Did you know that Antarctica's glaciers might be secretly triggering powerful underwater tsunamis? It’s a phenomenon that could reshape our understanding of ocean dynamics and climate change. An international team of researchers, spearheaded by the British Antarctic Survey (BAS), is diving deep into this mystery, exploring how the dramatic process of glacier calving—where massive icebergs break off and plunge into the ocean—can generate hidden waves with far-reaching impacts.
But here's where it gets controversial: while we’ve long believed that wind, tides, and surface heat loss drive ocean mixing, these underwater tsunamis might be just as influential—if not more so—in certain polar regions. These waves, often towering several meters high, churn together different layers of water, redistributing heat, oxygen, and nutrients in ways critical for marine life and climate regulation. Could this overlooked process be a missing piece in our climate puzzle?

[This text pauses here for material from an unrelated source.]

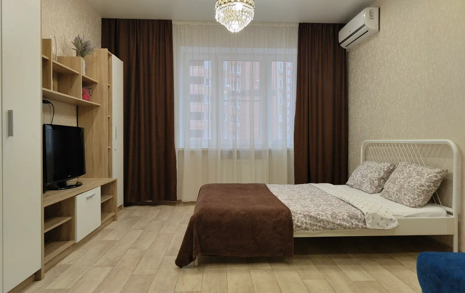 Апартаменты находятся в жилом многоэтажном доме с благоустроенной придомовой территорией. В помещениях предусмотрены санузел, система кондиционирования, телевизор и зона для отдыха. Интерьеры выполнены в современном лаконичном стиле с нейтральной цветовой палитрой, создающей спокойную и функциональную атмосферу.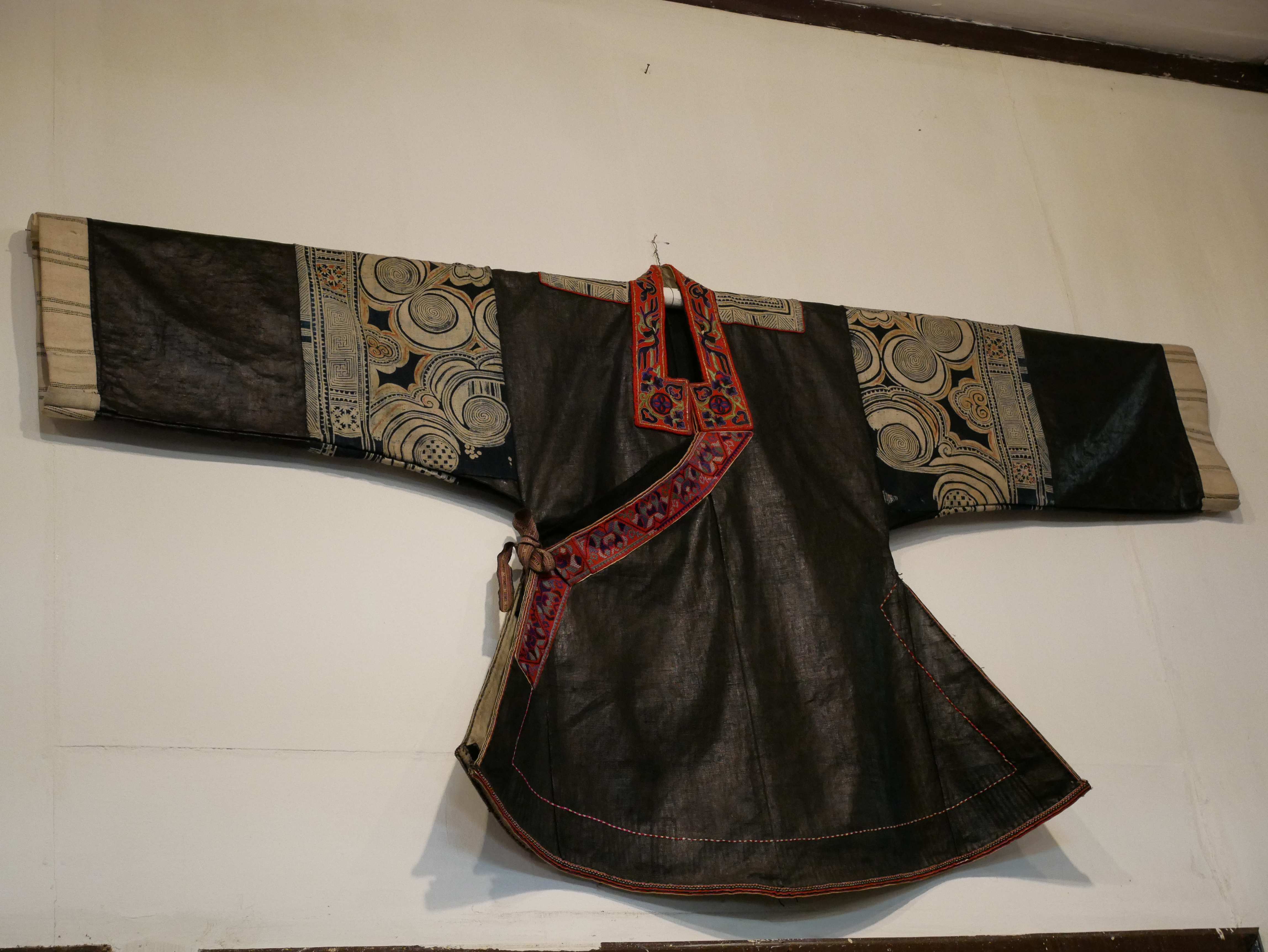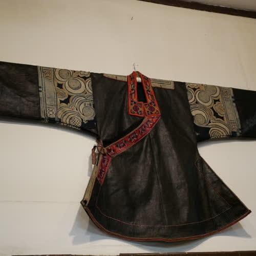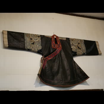 | คำอธิบาย : เสื้อชนเผ่าแม้วจากมณฑลกุ้ยโจว ใช้ไข่ขาวผสมน้ำครามแล้วนำมาย้อมผ้า เพื่อให้ผ้าดูเลื่อมและสามารถกันฝนได้ ดังนั้นหลังจากตัดเย็บเสร็จเรียบร้อยแล้วจะไม่มีการซักเสื้อดังกล่าวเพื่อป้องกันการแตกลายของเนื้อผ้า |

The discovery of these tsunamis was serendipitous. During a previous expedition aboard the RRS James Clark Ross, led by Professor James Scourse of the University of Exeter, researchers collected ocean data before, during, and after a calving event. Now, scientists at the Rothera Research Station on the Antarctic Peninsula and aboard the RRS Sir David Attenborough are doubling down on their efforts to uncover the secrets of these underwater waves.

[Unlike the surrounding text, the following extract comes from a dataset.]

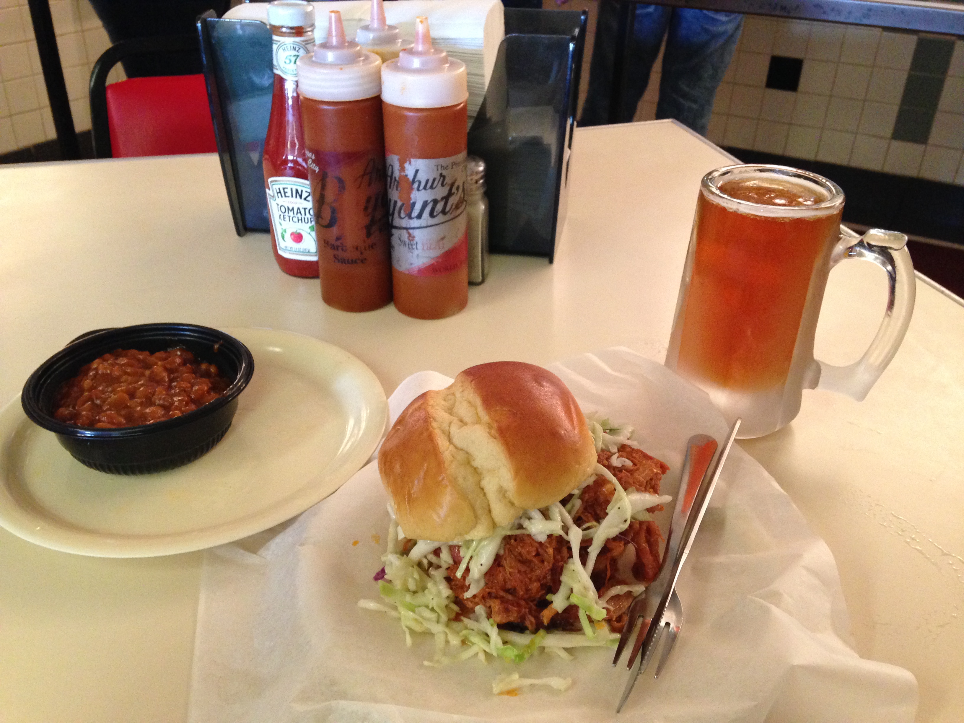 The waitress clucked her tongue when I explained that I was alone in Kansas City, just passing through for the day on my way to Kansas State University. For half a second I thought she was going to play matchmaker and find me a table to join, to save me from my solitary meal. But instead, she thanked me for making Arthur Bryant’s my Kansas City barbecue of choice and walked away, leaving me to once again contemplate the pile of pulled pork and coleslaw sitting on the plate before me. My “pig on a bun” was enormous, and I’d foolishly added a side of baked beans as well. It was easily enough for two meals, but my hotel room didn’t come with a fridge to store leftovers. Wielding knife and fork, I methodically worked my way through the sandwich, consuming three-quarters of the delicious saucy pork before I couldn’t manage another bite. The waitress returned as she saw me preparing to leave, clucking once again over my failure to clear the plate. I assured her the meal was fantastic and that I would not need to eat again for the rest of the day, and she smiled. “Spread the word, honey!”
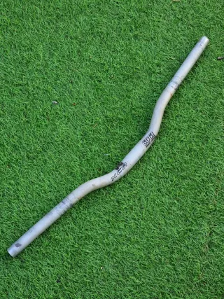 Manillar de doble altura para bicicleta, para potencias de 25.4mm. Mide 600mm. Anodizado negro desgastado, sin ser ese detalle estéticos está en perfectas condiciones para su utilización. Tienes una mtb de los noventa con manillar recto que te incomoda? Cambialo y disfruta de la comodidad de este manillar. HBR5

Professor Michael Meredith, an oceanographer at BAS, is at the helm of this research. He explains, 'We’re trying to answer fundamental questions: What drives these tsunamis? How do they differ depending on the type of calving or seasonal conditions? And what does their mixing do to polar climates and ecosystems?' Professor Katy Sheen, an oceanographer at Exeter, is co-leading a portion of the project, focusing on the various 'flavors' of tsunamis generated by glacial calving. 'The fieldwork at Rothera is thrilling,' she says. 'We’re using remote cameras, underwater microphones, autonomous vehicles, and moored instruments to capture every detail of these events and their impacts on local chemistry and biology.'
And this is the part most people miss: the implications of these tsunamis could be massive. Increased ocean mixing might pull warmer water from deeper layers, accelerating the melting of the Antarctic Ice Sheet and raising global sea levels. It could also disrupt nutrient distribution, affecting phytoplankton growth—the foundation of the ocean food chain. Professor Kate Hendry, a chemical oceanographer at BAS, puts it bluntly: 'Antarctica’s processes, from ice to ocean, are connected to our daily lives. Rising seas, shifting weather—it all starts here.'
The POLOMINTS project, a collaboration involving institutions like the University of Southampton, the National Oceanography Centre, and international partners from the U.S. and Poland, is deploying cutting-edge technology to study these events in unprecedented detail. Dr. Alexander Brearley, another BAS oceanographer, is using autonomous underwater vehicles to study the Sheldon Glacier’s front, capturing real-time imagery and data on the physical and biological impacts of these tsunamis.
But the biggest question remains: Could a warming climate increase the frequency and intensity of these calving and tsunami events? As scientists refine their models, the answers could reshape our predictions about future climate change. What do you think? Is this a game-changer for our understanding of Antarctica’s role in global climate, or just another piece of the puzzle? Let us know in the comments!